Several importers and clearing and forwarding (C&F) agents cited a variety of reasons for delays in releasing containers, including failure to submit necessary documentation on time, discrepancies in import value, or legal complications. Additionally, if issues related to money laundering arise, importers may show reluctance in clearing their goods.
They urged the NBR to be more vigilant in these matters saying that such delays not only disrupt port operations but also result in losses for both the port and the customs authority in terms of revenue.
CPA Secretary Omar Faruk acknowledged the growing number of auctionable containers in the port’s various yards. “The increasing volume of auctionable containers is disrupting our operations, while we are also losing out on warehouse fees. However, after the 30-day period, we forward a release list (RL) to the customs house and customs manages the subsequent auction process,” he said.
Meanwhile, Chattogram Customs House Commissioner Faizur Rahman said that they have been regularly auctioning containers and vehicles. “We conduct e-auctions, sealed tenders, and open tenders each month. In particular, priority is given to perishable goods through open tenders to ensure a timely process,” he said.

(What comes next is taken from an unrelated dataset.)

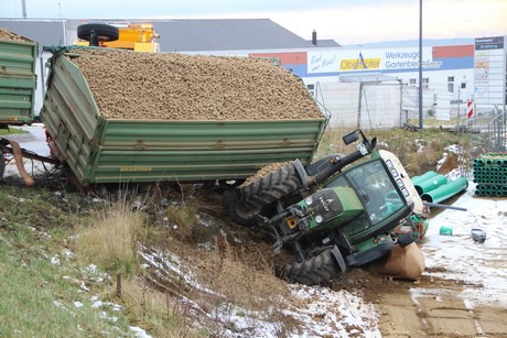 Glücklicherweise kippte der Anhänger nicht auf den Traktor und blieb der 79-Jährige Fahrer des Gespanns unverletzt. Neben der Ladung ist auch eine großflächige Ölspur beseitigt worden. Der gesamte Schaden werden nach den vorläufigen Angaben auf ca. 4.000 gestellt.

Under port regulations, importers must clear their goods within 30 days of unloading at Chittagong port. If this does not occur, the port authority transfers all relevant documentation to the customs authority. The customs office then issues a notice to the importer, allowing a further 15 days to clear the goods. If the importer fails to comply, customs can begin the process of auctioning the goods according to standard procedures.